BEGIN DATA PROVIDED
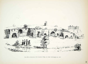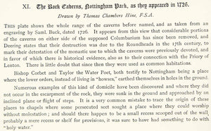 This is an original 1883 black and white lithograph of a drawing by Thomas Chambers Hine of the red sandstone rock caverns in Nottingham Park, England, United Kingdom as they appeared in 1726 CE.
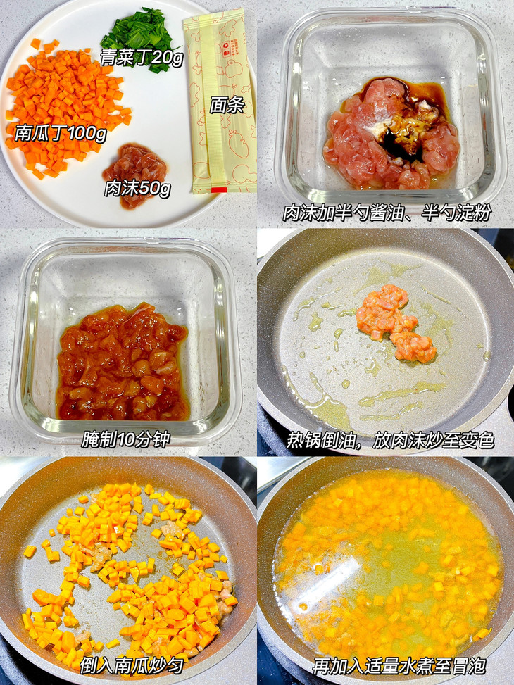 肉沫50g、南瓜丁100g、青菜丁20g、面条
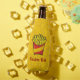 ilustracion personalizado de un pequeño paquete de papas fritas sobre fondo de comida basura sin soldadura amarillo. texto personalizado.
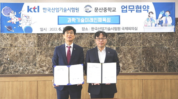 국내 유일 공공 종합시험인증기관인 한국산업기술시험원(이하 KTL)은 진주시에 소재한 문산중학교(이하 문산중)와 '지역사회 과학기술 미래인재 육성을 위한 업무협약'을 체결했다고 9일 밝혔다.
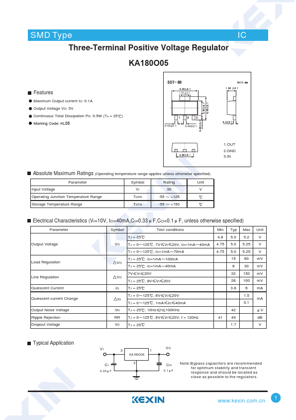 Maximum Output current IO: 0.1A Output Voltage VO: 5V Continuous Total Dissipation PD: 0.5W (Ta = 25 ) ƽ Marking Code: KL
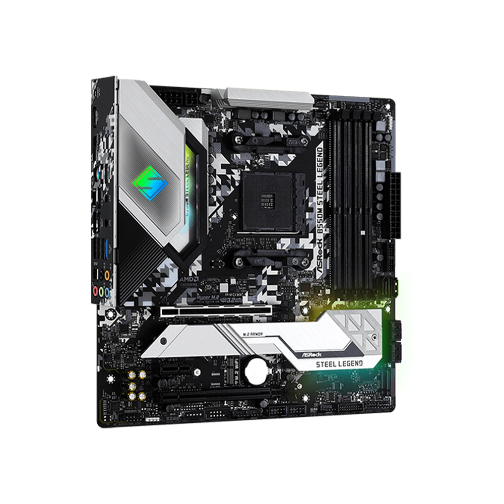 The ASRock B550M Steel Legend AM4 Micro-ATX Motherboard delivers excellent performance with support for AMD Ryzen processors. Featuring PCIe 4.0, DDR4 memory, and robust cooling solutions, it provides smooth gameplay and reliable multitasking. Designed for gamers and enthusiasts, this motherboard supports advanced storage solutions and offers superior durability with its steel design.
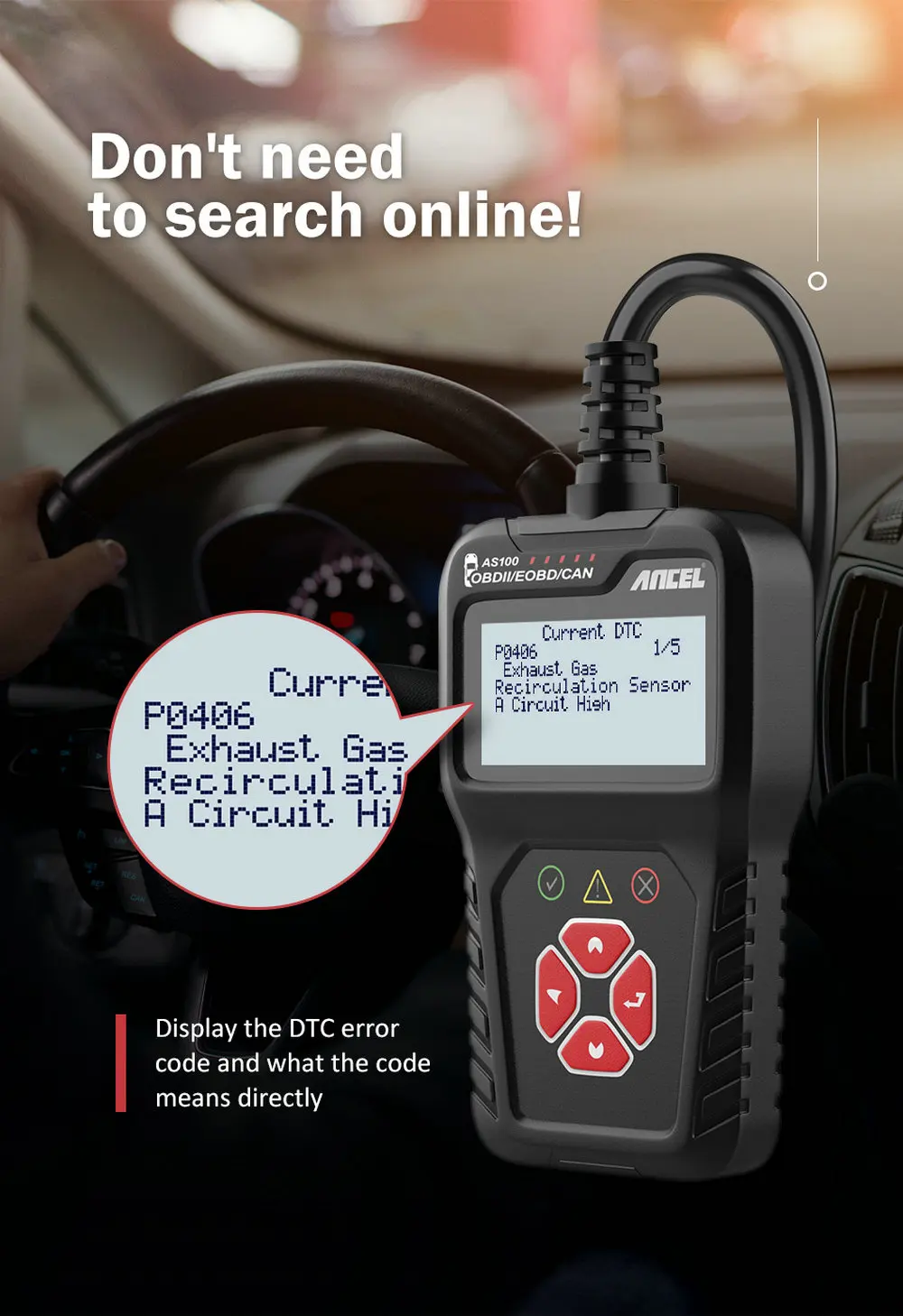 Автомобильный сканер Ancel AS100, считыватель кодов OBD2, многоязычный АНАЛИЗАТОР ДИАГНОСТИКА двигателя EPC, инструменты для проверки, диагностический автоматический сканер
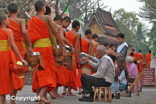 Day 2: LUANG PRABANG - PAK OU (By Car 60km, Boat) After breakfast, we enjoy an excursion by boat for along the Mekong River to visit the holly caves of Pak Ou: Tham Ting and Tham Phoum. A repository for old or damaged Buddha images that once graced household shrines, the caves of Tham Ting and Tham Phoum have become highly venerated sanctuaries. During Lao New Year boatloads of Luang Prabang residents make the 25km pilgrimage up the Mekong River to the caves to wash the Buddha images and make merit, just opposite Mekong river’s bank is the village of Ban Xang Hai. Though for centuries the village made its living by crafting stoneware jars, more recently it has become famous for brewing particularly fiendish liquor, made from fermented sticky rice, called 'lao-lao.' In the afternoon, you visit National Museum at the former royal Palace which displays a lovely collection of the artifacts reflecting the richness of Lao cultural dating from the days of the early kings right through the last sovereign. Then, you will visit some royal temples such as: Wat Xieng Thong with its roofs sweeping low to the ground, which represent the classical architecture of Luang Prabang temple; Heading out of this area, we explore some other major sights including the impressive stupa of Wat Visoun, inside you will see the stupa which is know as that Makmo because the form is like the half of Watermelon, the temple structures are decorated in various ways with gilded stuccoes and doorways. You also have time to enjoy shopping at the central market and strolling around the shopping area, take your time to enjoy a busy market day, communicating with the local sales and all sorts of their products. It’s quite a sight to see, to give somewhat a picture of Lao social living. Back to your hotel and free at leisure at night. Overnight in Luang Prabang. (B)
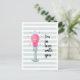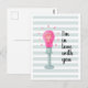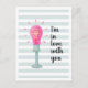 Valentine's day postcard with light bulb and stripes illustration, and text "I'm in love with you". Pastel mint and pink colors.
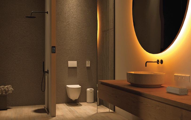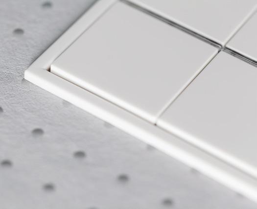 SCHOMBURG medžiagomis hidroizoliuotos ir dušinės. Kaip ir baseino prieigose, naudoti S1 elastingumo klasės plytelių klijai MONOFLEX ir vieno komponento hidroizoliacija SANIFLEX.
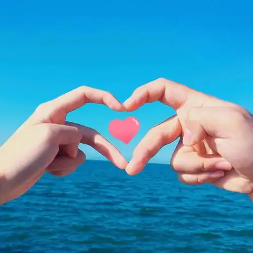 情侣比心手势图片,跪求一对手势心型的情侣头
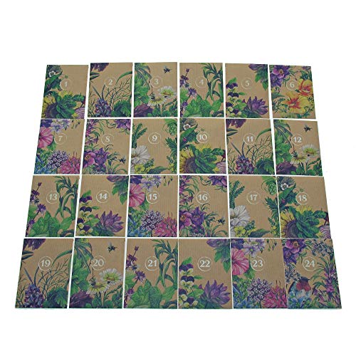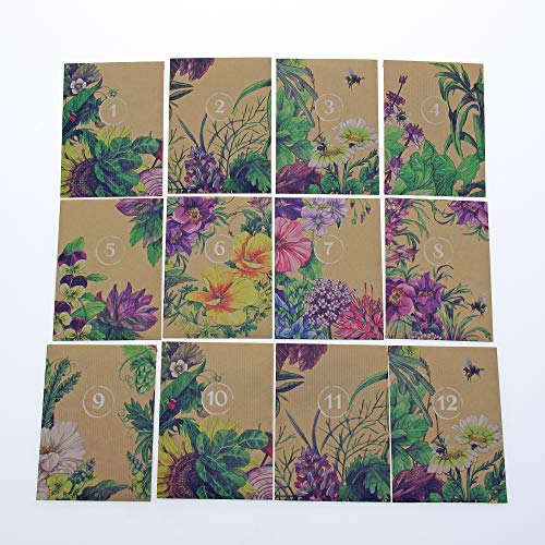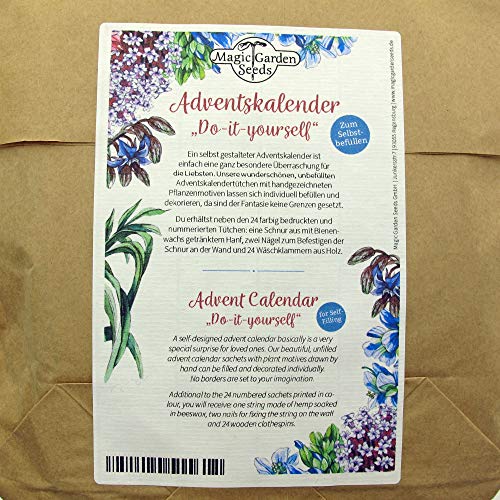Dieses 'Do-it-yourself' - Adventskalenderset besteht aus 24 farbig bedruckten und durchnummerierten Papiertütchen aus braunem Packpapier. Bestens geeignet für einen selbstgebastelten individuellen Adventskalender.. 24 kleine Wäscheklammern aus Holz, eine Schnur aus Hanf und 2 Nägel sollen die Befestigung der Tütchen erleichtern.. Wir benutzen diese Tütchen, um sie mit wunderbaren Pflanzensamen zu bestücken, aber natürlich kann man sie sehr kreativ und vielfältig mit anderen schönen Überraschungen befüllen.. Die Papiertütchen haben die äußeren Maße: 13 x 9,5cm (Länge x Breite) plus 1,5cm in der Länge für die Lasche zum Verschließen der Tüte.. Insgesamt zehn verschiedene Blumenillustrationen. Acht davon wiederholen sich mehrfach und zwei kommen nur einmalig vor für den 6. und 24. Dezember (Nikolaustag und Heiligabend).
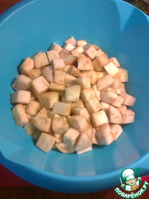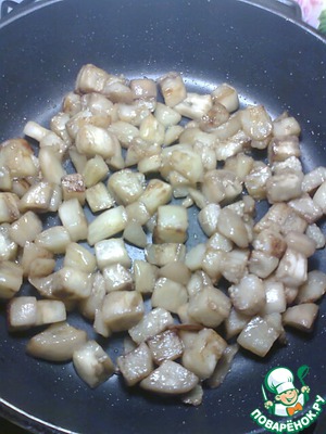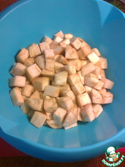 Баклажаны помыть, очистить от кожуры, нарезать кубиками (не очень мелко). Посолить и отставить на 30 мин., чтобы они отдали лишнюю жидкость с горечью.
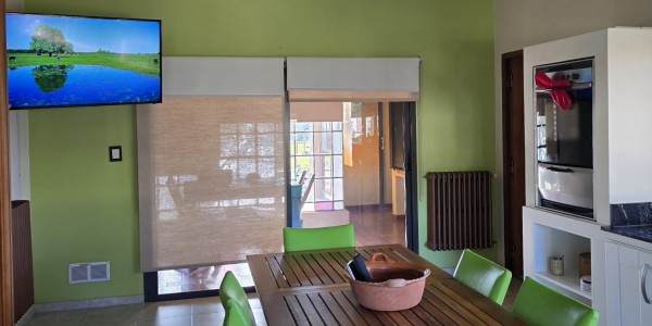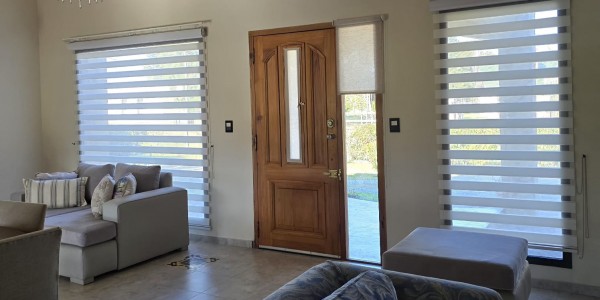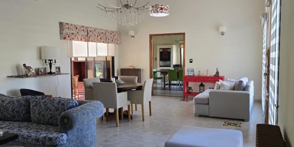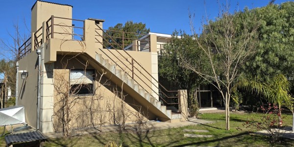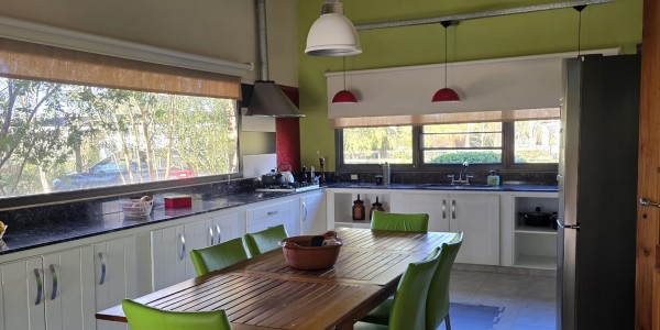 Moderna y solida casa construida sobre un lote de 1940 m2 parquizado. Todos sus ambientes son amplios y luminosos, con aberturas de calidad y pisos de porcelanato. Se ingresa por su entrada principal a living – comedor vidriado con conexión al jardín de invierno con salida al exterior; gran cocina con comedor diario totalmente amoblada con acceso a sector de parrilla, lavadero, deposito y segundo baño. En su otra ala nos encontramos con el baño principal con hidromasaje, gran habitación principal con hermosa vista al parque y vestidor con puerta de madera corrediza.
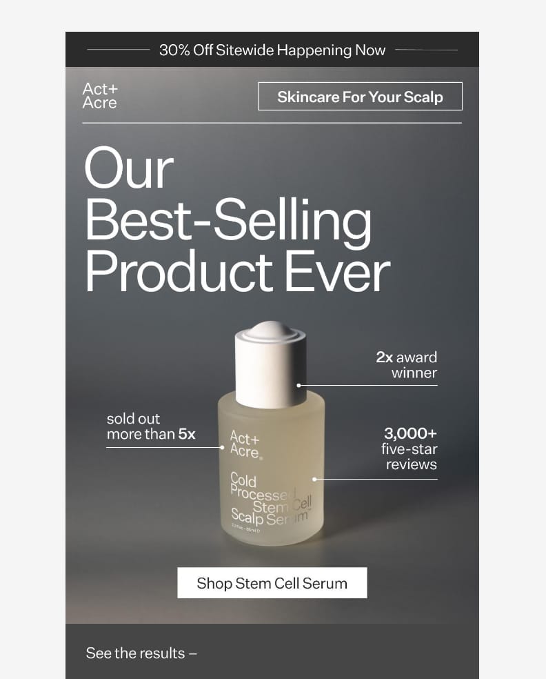 Act+Acre’s email proves you don’t need flash to drive conversions. With a minimal layout, strong visuals, and just enough proof points, this campaign makes its best-selling serum the undeniable hero.
END DATA PROVIDED
* TASK GOAL
Please reproduce the entries above exactly, from their first line to the line holding "ilustracion personalizado de" inclusive, and nothing else; the pictures stay out.

* TASK SOLUTION
 This is an original 1883 black and white lithograph of a drawing by Thomas Chambers Hine of the red sandstone rock caverns in Nottingham Park, England, United Kingdom as they appeared in 1726 CE.
 肉沫50g、南瓜丁100g、青菜丁20g、面条
 ilustracion personalizado de un pequeño paquete de papas fritas sobre fondo de comida basura sin soldadura amarillo. texto personalizado.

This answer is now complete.